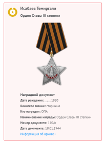 Указом Президиума Верховного Совета СССР от 29 июня 1945 года за исключительное мужество, отвагу и бесстрашие, проявленные на заключительном этапе Великой Отечественной войны в боях с гитлеровскими захватчиками гвардии старшина Исабаев Темиргали награждён орденом Славы 1-й степени. Исабаев Темиргали – разведчик 108-й отдельной гвардейской разведывательной роты (2-я гвардейская стрелковая дивизия, 2-я гвардейская армия, 3-й Белорусский фронт), гвардии старшина – на момент представления к награждению орденом Славы 1-й степени. Один из немногих полных кавалеров, награждённых четырьмя орденами Славы. Родился 3 января 1920 года в сельхозартели «Сарой» Каратальского района Алматинской (в 1944—1956, 1967—1991 годах – Талды-Курганской) области Республики Казахстан в крестьянской семье. Казах. Окончил 7 классов. Трудился в колхозе. В 1940 году был призван в Красную Армию Каратальским райвоенкоматом. Участник Великой Отечественной войны с августа 1941 года. Боевое крещение получил на дальних подступах к Москве, стал наводчиком противотанкового ружья (ПТР). В сентябре получил тяжелое ранение и почти полгода провел в госпиталях. Летом 1942 года, после выздоровления, был направлен на Северный Кавказ. В боях под Моздоком бронебойщик Исабаев подбил 3 вражеских танка, но и сам был ранен. Каждый раз после госпиталя возвращался в другую часть. Весной 1943 года в составе 4-й гвардейской отдельной стрелковой бригады участвовал в Краснодарской наступательной операции. Был наводчиком станкового пулемета отдельного пулеметного батальона. В боях под станицей Крымская получил третье ранение. Был награжден медалью «За отвагу». Летом 1943 года бригада была переформирована в новое соединение -108 гвардейскую стрелковую дивизию. После госпиталя был направлен в другую часть. К концу 1943 года старший сержант Исабаев воевал в составе 166-го гвардейского стрелкового полка 55-й гвардейской стрелковой дивизии. Как имеющий три ранения награжден медалью «За отвагу». Участвовал в Керченско-Эльтигенской десантной операции, в боях за удержание плацдарма. 10 января 1944 года при высадке десанта со своим отделением быстро высадился на берег и при прорыве переднего края обороны противника с боем овладел траншеями. В 11 января отразил 4 контратаки гитлеровцев. Был ранен. Приказом по войскам Отдельной Приморской Армии (№110/н) от 18 января 1944 года старший сержант Исабаев Темиргали был награжден орденом Славы 3-й степени. Орден был вручен только после войны в 1961 году. (Возможной причиной не вручения могла быть ошибка в написании фамилии). Выписавшись после ранения, в свой полк не вернулся, был зачислен в 82-й гвардейский стрелковый полк (32-я гвардейская стрелковая дивизия, Отдельная Приморская армия). В составе полка бронебойщик гвардии сержант Исабаев отличился в боях за освобождение Крыма весной 1944 года. В начале апреля 1944 года боях на Крымском полуострове поразил из ПТР несколько целей, в том числе вражеского снайпера. 18 апреля 1944 года вблизи села Новые Шули (7 км юго-восточнее Севастополя) в числе первых ворвался в расположение противника. Гранатами забросал находившихся в траншее гитлеровцев, уничтожив 8 вражеских солдат. Был представлен к награждению орденом Славы вновь 3-й степени. Бои за Севастополь продолжались. При штурме Сапун-горы гвардии сержант Исабаев шел в первых рядах атакующих, ун
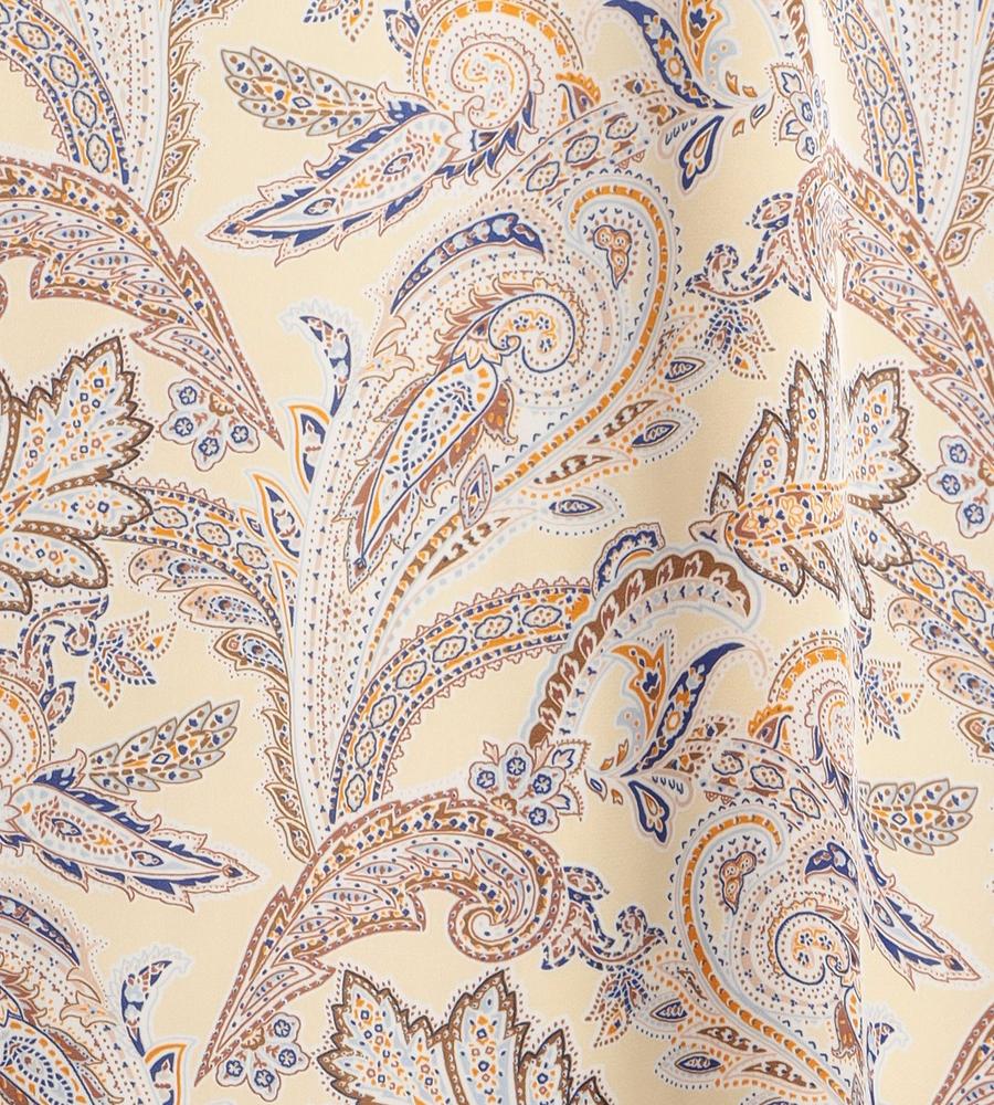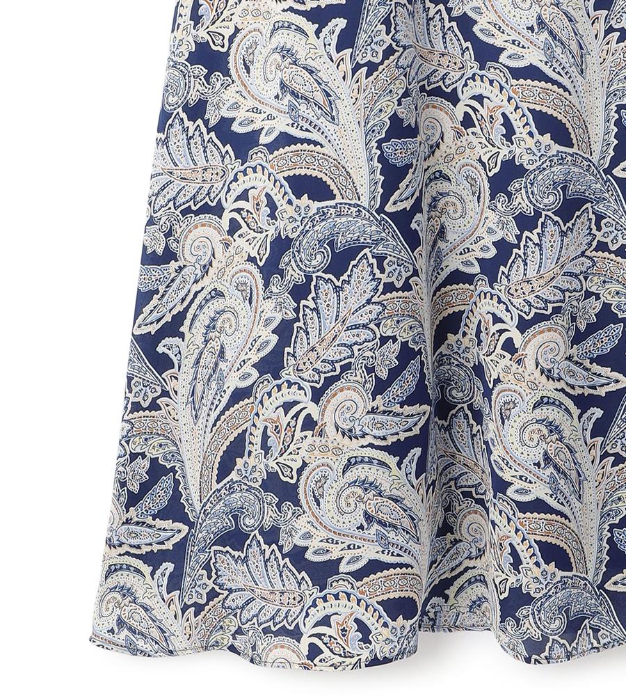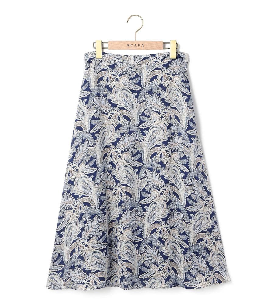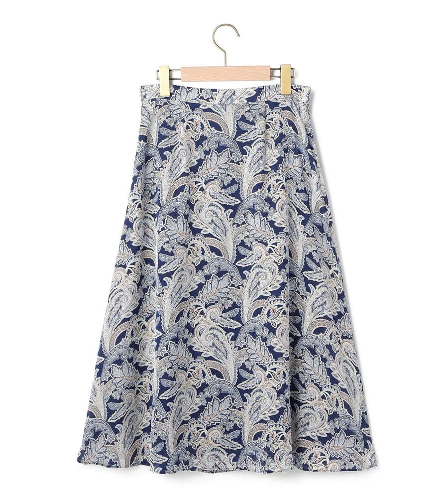 ボヘミアンなペイズリー柄が目を惹く、ひざ下丈のスカート。フレアに広がるドレープ感のあるシルエットが優雅さを演出。着脱がスムーズかつ美しいフィット感のサイドジップを採用。トップスをインしてもアウトにしても映える、季節を問わずコーディネートの主役になる華やかなデザインのアイテムです。
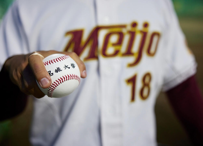 右投げ右打ちだが、本来は左ききで、箸もペンも左手で持つ。直球の回転数が2700回を超え、メディアを驚かせた。憧れの選手は、ニューヨークメッツで活躍し、“おばけフォーク”で名を馳せた千賀滉大投手。休日でも「野球から離れるのが怖いから」と、筋トレやランニングをしてしまうという。好対照をなす松本選手とともに名城大野球部を牽引し、いくつもの勝利に導いた。
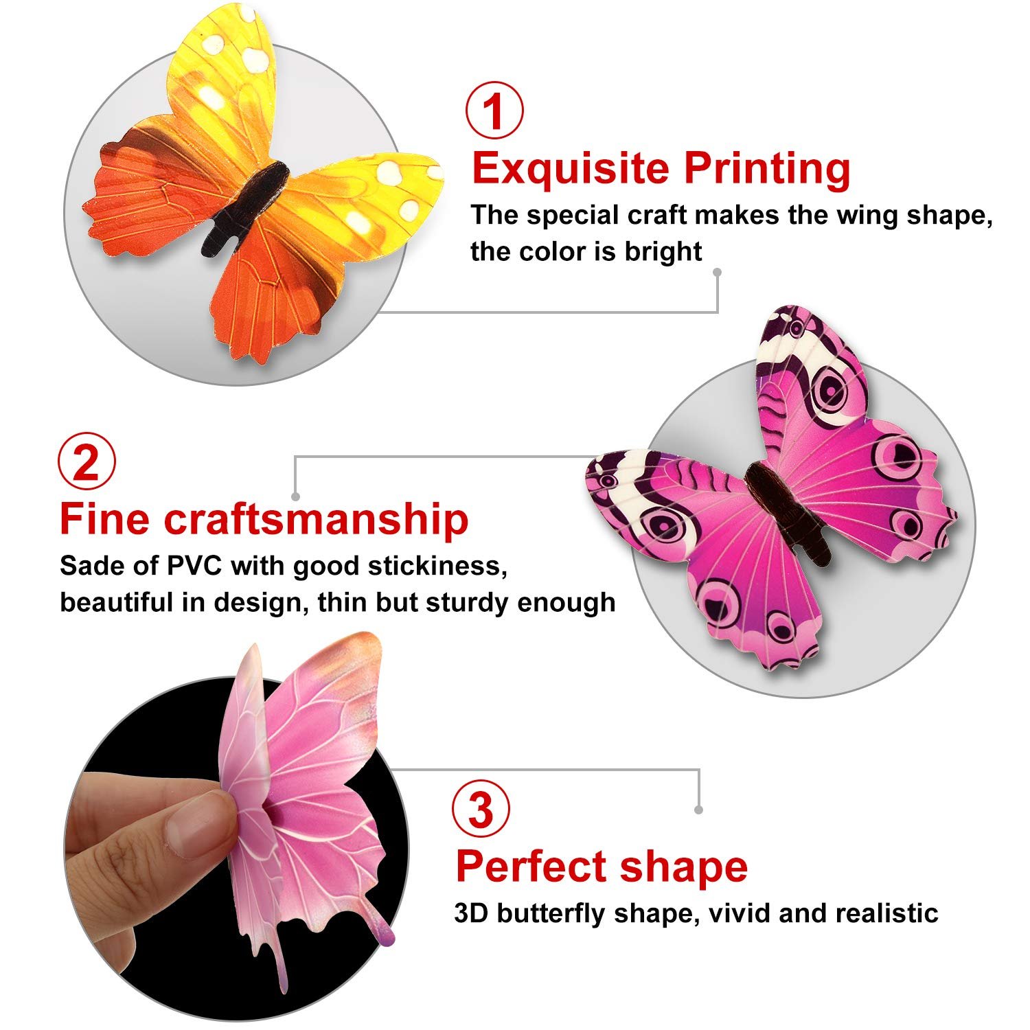 - Package included: each pack contains 96 pieces of 3D butterfly wall stickers in different styles, coming with adhesive tags which allow you paste to the wall quite well, a variety of size and large amount that can satisfy your different decoration needs

— YOUR TASK —
Pictures stay out; print everything else in the data exactly.

— WORKED SOLUTION —
 Указом Президиума Верховного Совета СССР от 29 июня 1945 года за исключительное мужество, отвагу и бесстрашие, проявленные на заключительном этапе Великой Отечественной войны в боях с гитлеровскими захватчиками гвардии старшина Исабаев Темиргали награждён орденом Славы 1-й степени. Исабаев Темиргали – разведчик 108-й отдельной гвардейской разведывательной роты (2-я гвардейская стрелковая дивизия, 2-я гвардейская армия, 3-й Белорусский фронт), гвардии старшина – на момент представления к награждению орденом Славы 1-й степени. Один из немногих полных кавалеров, награждённых четырьмя орденами Славы. Родился 3 января 1920 года в сельхозартели «Сарой» Каратальского района Алматинской (в 1944—1956, 1967—1991 годах – Талды-Курганской) области Республики Казахстан в крестьянской семье. Казах. Окончил 7 классов. Трудился в колхозе. В 1940 году был призван в Красную Армию Каратальским райвоенкоматом. Участник Великой Отечественной войны с августа 1941 года. Боевое крещение получил на дальних подступах к Москве, стал наводчиком противотанкового ружья (ПТР). В сентябре получил тяжелое ранение и почти полгода провел в госпиталях. Летом 1942 года, после выздоровления, был направлен на Северный Кавказ. В боях под Моздоком бронебойщик Исабаев подбил 3 вражеских танка, но и сам был ранен. Каждый раз после госпиталя возвращался в другую часть. Весной 1943 года в составе 4-й гвардейской отдельной стрелковой бригады участвовал в Краснодарской наступательной операции. Был наводчиком станкового пулемета отдельного пулеметного батальона. В боях под станицей Крымская получил третье ранение. Был награжден медалью «За отвагу». Летом 1943 года бригада была переформирована в новое соединение -108 гвардейскую стрелковую дивизию. После госпиталя был направлен в другую часть. К концу 1943 года старший сержант Исабаев воевал в составе 166-го гвардейского стрелкового полка 55-й гвардейской стрелковой дивизии. Как имеющий три ранения награжден медалью «За отвагу». Участвовал в Керченско-Эльтигенской десантной операции, в боях за удержание плацдарма. 10 января 1944 года при высадке десанта со своим отделением быстро высадился на берег и при прорыве переднего края обороны противника с боем овладел траншеями. В 11 января отразил 4 контратаки гитлеровцев. Был ранен. Приказом по войскам Отдельной Приморской Армии (№110/н) от 18 января 1944 года старший сержант Исабаев Темиргали был награжден орденом Славы 3-й степени. Орден был вручен только после войны в 1961 году. (Возможной причиной не вручения могла быть ошибка в написании фамилии). Выписавшись после ранения, в свой полк не вернулся, был зачислен в 82-й гвардейский стрелковый полк (32-я гвардейская стрелковая дивизия, Отдельная Приморская армия). В составе полка бронебойщик гвардии сержант Исабаев отличился в боях за освобождение Крыма весной 1944 года. В начале апреля 1944 года боях на Крымском полуострове поразил из ПТР несколько целей, в том числе вражеского снайпера. 18 апреля 1944 года вблизи села Новые Шули (7 км юго-восточнее Севастополя) в числе первых ворвался в расположение противника. Гранатами забросал находившихся в траншее гитлеровцев, уничтожив 8 вражеских солдат. Был представлен к награждению орденом Славы вновь 3-й степени. Бои за Севастополь продолжались. При штурме Сапун-горы гвардии сержант Исабаев шел в первых рядах атакующих, ун
 ボヘミアンなペイズリー柄が目を惹く、ひざ下丈のスカート。フレアに広がるドレープ感のあるシルエットが優雅さを演出。着脱がスムーズかつ美しいフィット感のサイドジップを採用。トップスをインしてもアウトにしても映える、季節を問わずコーディネートの主役になる華やかなデザインのアイテムです。
 右投げ右打ちだが、本来は左ききで、箸もペンも左手で持つ。直球の回転数が2700回を超え、メディアを驚かせた。憧れの選手は、ニューヨークメッツで活躍し、“おばけフォーク”で名を馳せた千賀滉大投手。休日でも「野球から離れるのが怖いから」と、筋トレやランニングをしてしまうという。好対照をなす松本選手とともに名城大野球部を牽引し、いくつもの勝利に導いた。
 - Package included: each pack contains 96 pieces of 3D butterfly wall stickers in different styles, coming with adhesive tags which allow you paste to the wall quite well, a variety of size and large amount that can satisfy your different decoration needs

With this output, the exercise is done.